Improved binvert algorithm

David Sparks sparks05 at proton.me
Sun Feb 8 21:39:16 CET 2026


Niels Möller <nisse at lysator.liu.se> wrote:
> David Sparks sparks05 at proton.me writes: 
>> attribute((const))
>> uint64_t binvert_64(uint64_t n)
>> {
>> uint64_t r = 3n ^ 2; // 5 bits
>> uint64_t y = 1 - nr;
>> r *= 1+y; // 10 bits
>> y *= y;
>> r *= 1+y; // 20 bits
>> y *= y;
>> r *= 1+y; // 40 bits
>> y *= y;
>> r *= 1+y; // 64 bits
>> return r;
>> }
> 
> Interesting! To me, the clever thing is that the sequence of y values is
> computed independently of r, with only a single multiply latency. And
> the series of r-values is done in parallel, also with only a single
> multiply latency per step. And then the latency of the 1+y operation is
> only on the y --> r connection, so it is only paid once.

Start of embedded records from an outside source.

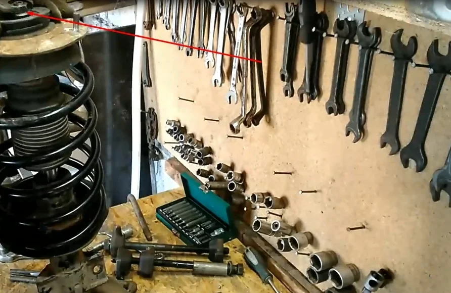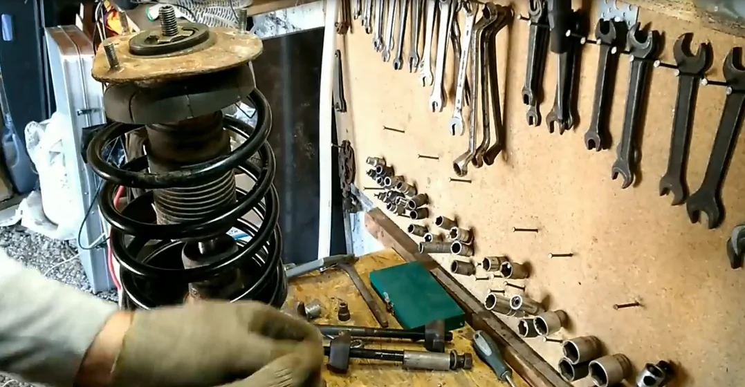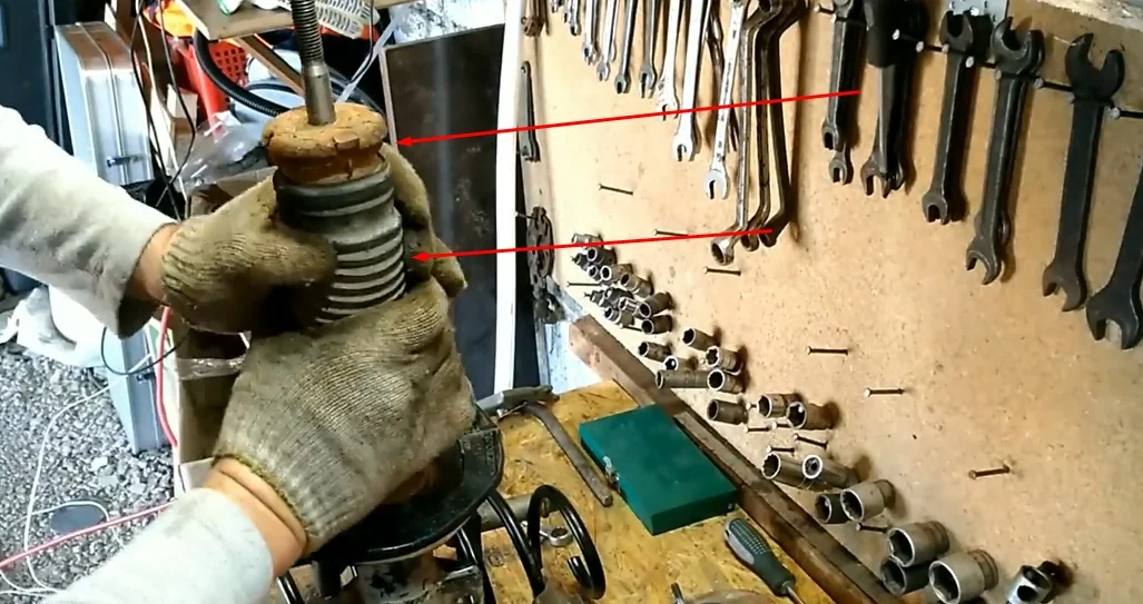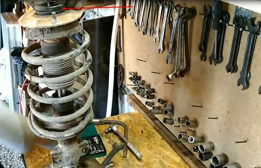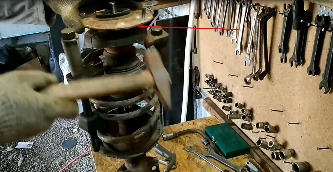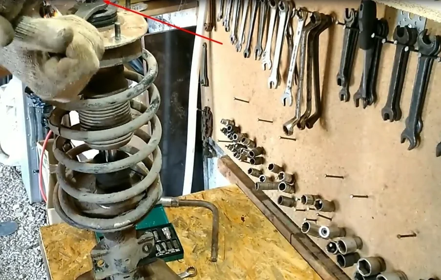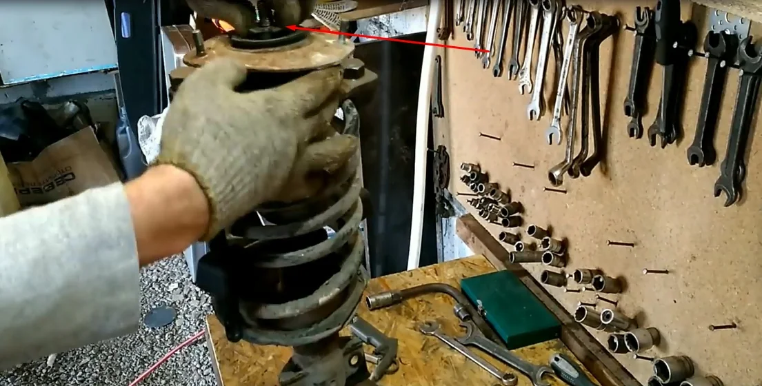 - Снимаем опору вместе с пружиной.
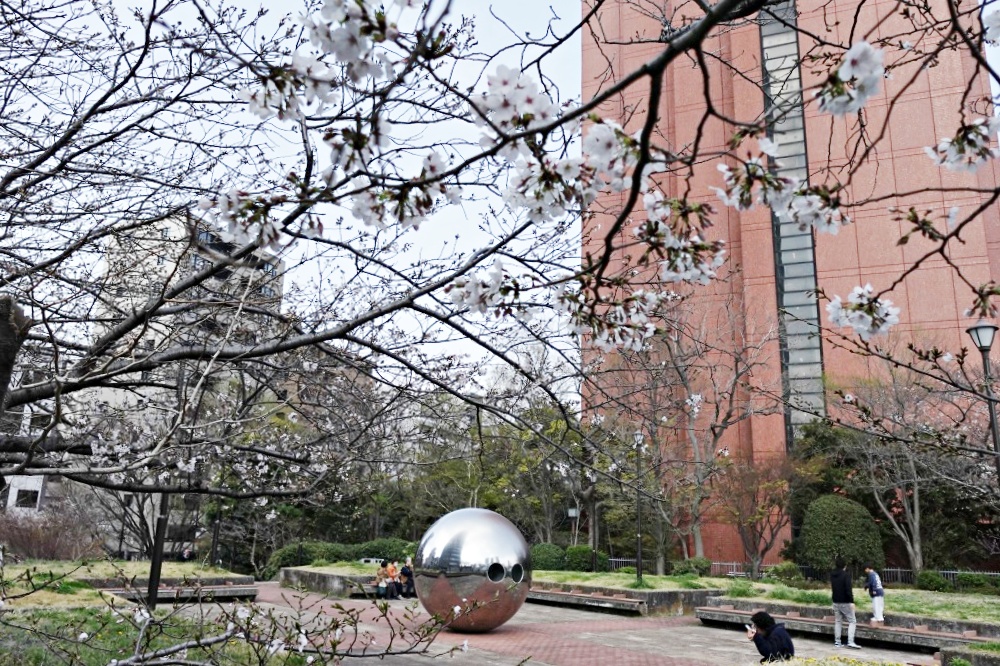 桜の木の数は少ないが、銀色の球を背景に入れた写真は絵になる。
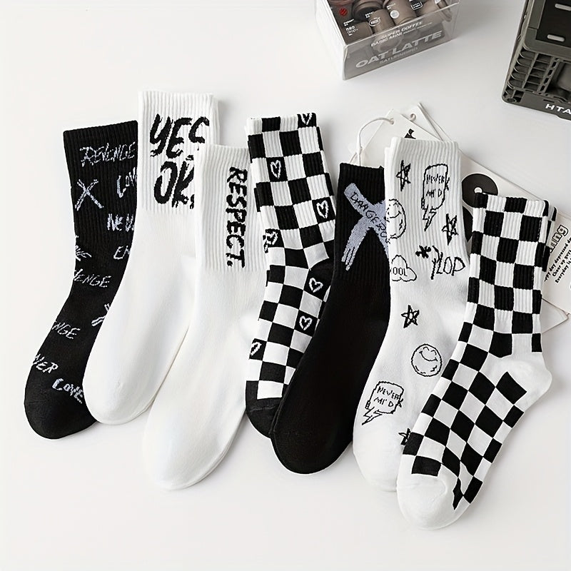 Discover this pack of 7 pairs of mid-calf socks with a black and white check (gingham) pattern , perfect for combining casual elegance and modern comfort . Inspired by current trends, these socks are ideal for light sports, city walks or to accessorize your everyday look.

Yes, I thought it was very nifty when I saw it.

> Tried this out, with this replacement in gmp-impl.h:
> 
> #define binvert_limb(inv,n) \
> do { \
> mp_limb_t __n = (n); \
> mp_limb_t __inv = 3*__n ^ 2; \
> mp_limb_t __y = 1 - __n * __inv; \
> __inv *= (1 + __y); \
> __y *= __y; \
> __inv *= (1 + __y); \
> __y *= __y; \
> __inv *= (1 + __y); \
> __y *= __y; \
> __inv *= (1 + __y); \
> ASSERT ((__inv * __n & GMP_NUMB_MASK) == 1); \
> (inv) = __inv & GMP_NUMB_MASK; \
> } while (0)
> 

> On my Ryzen 5 laptop, according to ./tune/speed -c -s1 binvert_limb,
> time is reduced from 25.35 cycles to 21.90, about 16% speedup. Maybe one
> could maybe save a cycle or two by using only 32-bit precision for all
> but the last step?

There are two reasons why this won't work:
1) On recent x86 CPUs, 32-bit multiplication is no faster
   (it's 3-cycle latency either way), and
2) As I mentioned, all operations must be full-width to get the
   correct answer.  Like Goldschmit's, and unlike Newton's iteration,
   it's not self-correcting.  Notice that n isn't used in the
   iteration; it enters only through y, so y must preserve all its
   bits.  Likewise, y's lack of dependency on the previous value of
   r which gives the technique its speed means that all 64 bits
   of r must be uncorrupted.

Now, it is possible to switch back and forth, using the pipelined
algorithm to get to 32 bits and then widening to 64 bits with the
old iteration.  For example, consider a hypothetical multiplier
with 3-cycle latency for 32-bit operations, but 5-cycle latency
for 64-bit operations.

The 64-bit pipelined implementation is no longer 4*3+2=14 cycles,
but now 4*5+2 = 22 cycles.

But it can compute a 32-bit inverse in 3*3+2 = 11 cycles, then
needs 2*5+1 = 11 more for the final 64-bit widening.  Which also
totals 22 cycles.  You need a >= 2x speed penalty to overtake.

> But it looks like the logic (starting from the binvert_limb_table) is
> duplicated in a few places, e.g., mpn/x86_64/dive_1.asm), so to adopt
> this method, there are several places to update.

The thing stopping me from preparing a patch is I don't know of
a "has pipelined multiplier" symbol to make it conditional on.
Any suggestions?

For maximum speed, we want the squaring of y to issue *before* the
inv *= 1+y multiply.  If the object code doesn't occur in that order,
maybe tweaking the source to say "tmp = 1+y; y *= y; inv *= tmp;"
will induce it to, and shave off another cycle.